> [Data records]
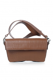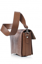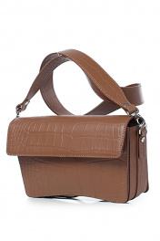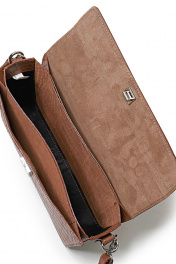 Сумка на три отделения, закрывающиеся клапаном на замок магнитку, с короткой ручкой длиной 180 мм в нижней части корпуса, со съемной ручкой-ремнем длиной 940+10 мм. Цвет фурнитуры - никель. Размеры: 265x135x60
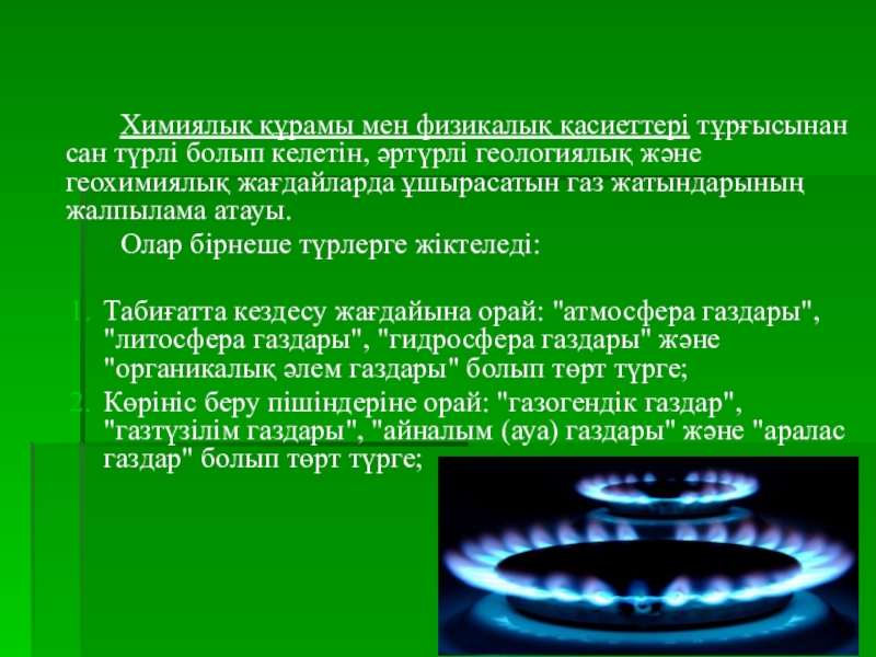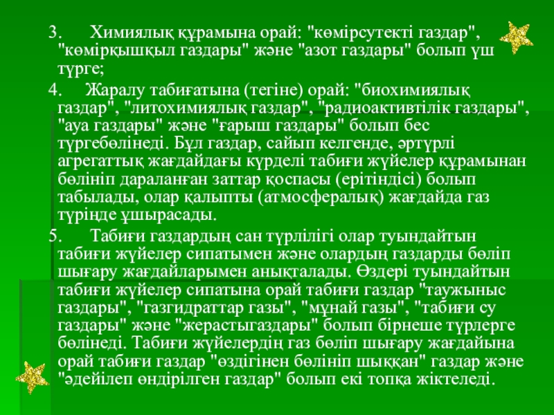 3. Химиялық құрамына орай: "көмірсутекті газдар", "көмірқышқыл газдары" және
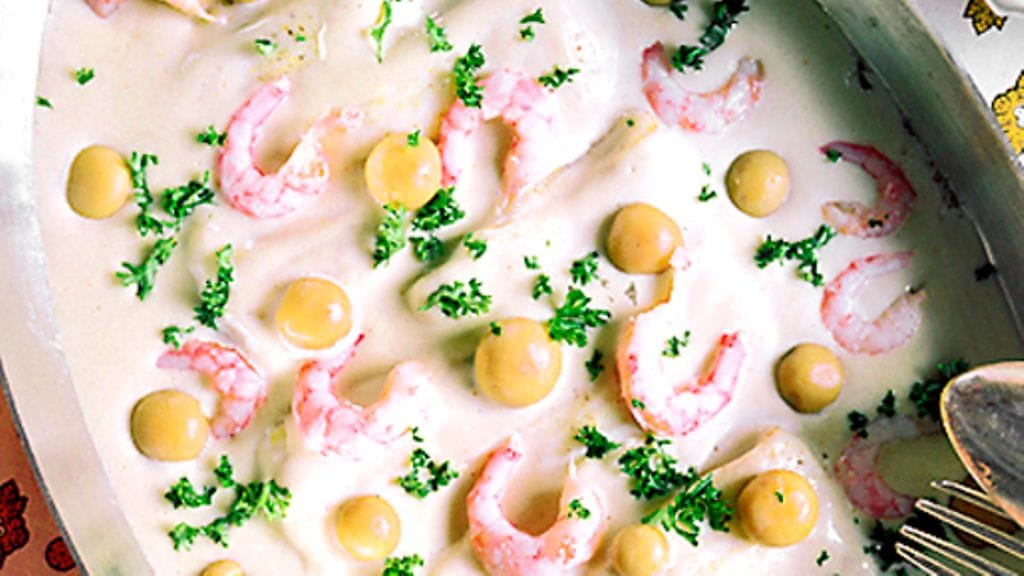 3. Keitä fondia kokoon, niin että jäljellä on 1 dl. Keitä myös kermaa kokoon ja sekoita se fondiin. Mausta ja kaada kastike kalafileiden päälle. Koristele voissa paistetuilla herkkusienillä, kuorituilla katkaravuilla ja persiljalla.
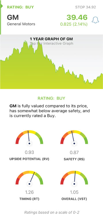 VectorVest advocates buying safe, undervalued stocks, rising in price. As for General Motors, it has fair upside potential with below average safety – but the timing is very good.
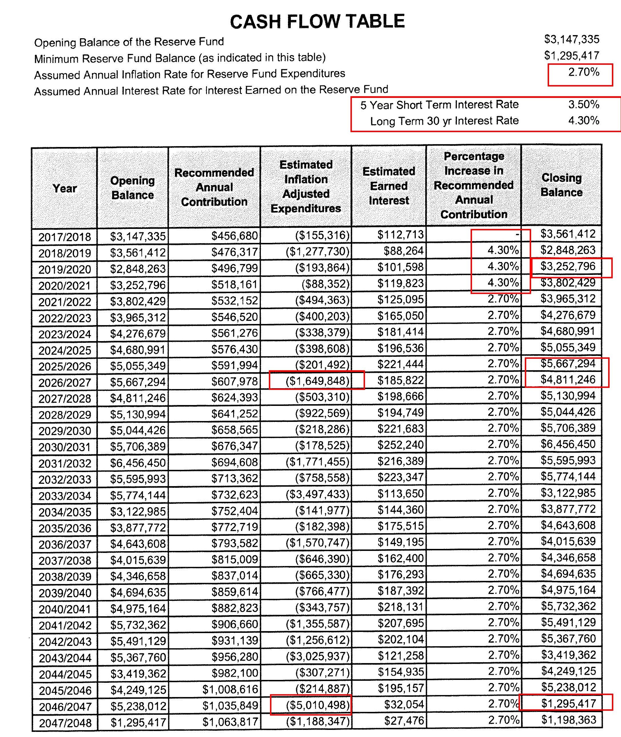We can start with the estimated annual inflation rate of 2.7%, this is obviously an estimate that will not hold through, the inflation could be quite a bit lower, or quite a bit higher, if the actual inflation rate deviates quite a bit from the estimate, the next reserve fund study done in 3 years will revise all the figures going forward.
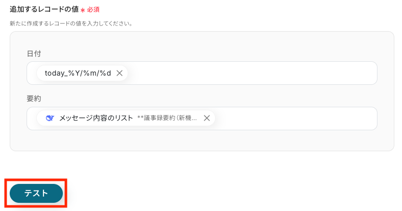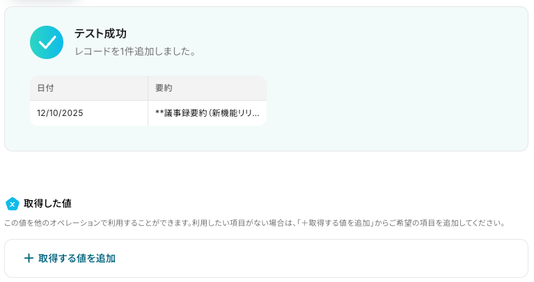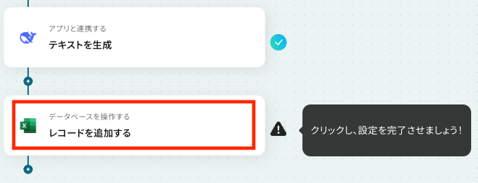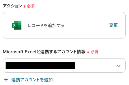 アクション:「レコードを追加する」が自動で選択されています。
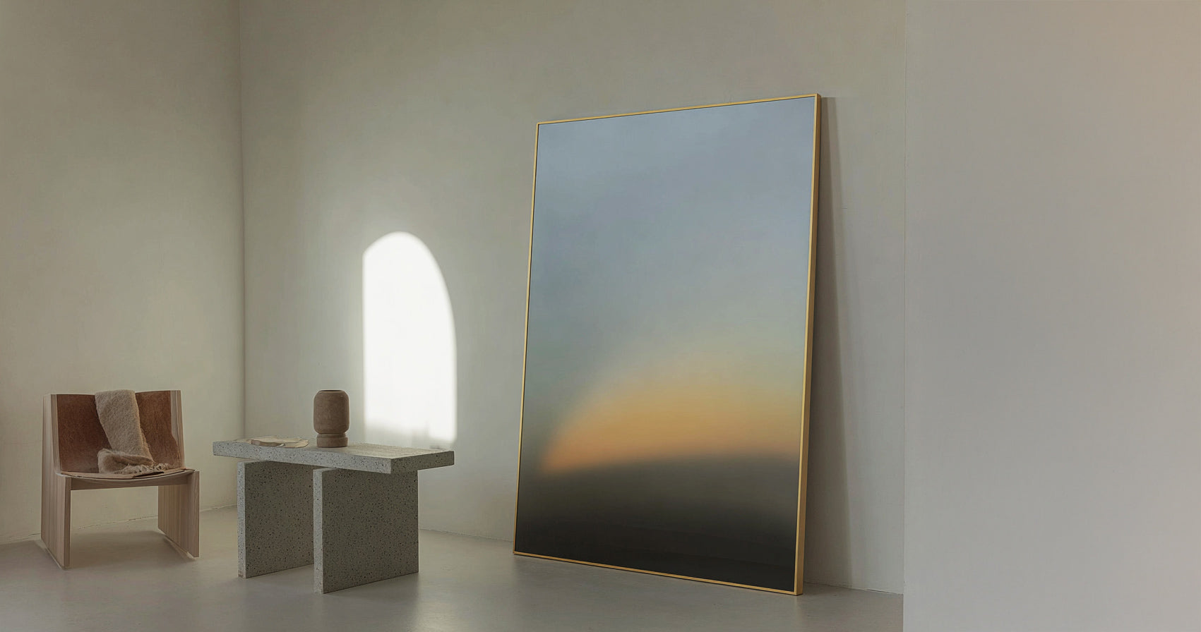 Our art isn’t printed on paper or canvas. We print on brushed aluminium, which gives each piece a unique reflective quality that changes with light throughout the day.

> [Task] Transcribe all of the records above exactly; no image should appear in what you write.

> [Response below]
 Сумка на три отделения, закрывающиеся клапаном на замок магнитку, с короткой ручкой длиной 180 мм в нижней части корпуса, со съемной ручкой-ремнем длиной 940+10 мм. Цвет фурнитуры - никель. Размеры: 265x135x60
 3. Химиялық құрамына орай: "көмірсутекті газдар", "көмірқышқыл газдары" және
 3. Keitä fondia kokoon, niin että jäljellä on 1 dl. Keitä myös kermaa kokoon ja sekoita se fondiin. Mausta ja kaada kastike kalafileiden päälle. Koristele voissa paistetuilla herkkusienillä, kuorituilla katkaravuilla ja persiljalla.
 VectorVest advocates buying safe, undervalued stocks, rising in price. As for General Motors, it has fair upside potential with below average safety – but the timing is very good.
We can start with the estimated annual inflation rate of 2.7%, this is obviously an estimate that will not hold through, the inflation could be quite a bit lower, or quite a bit higher, if the actual inflation rate deviates quite a bit from the estimate, the next reserve fund study done in 3 years will revise all the figures going forward.
 アクション:「レコードを追加する」が自動で選択されています。
 Our art isn’t printed on paper or canvas. We print on brushed aluminium, which gives each piece a unique reflective quality that changes with light throughout the day.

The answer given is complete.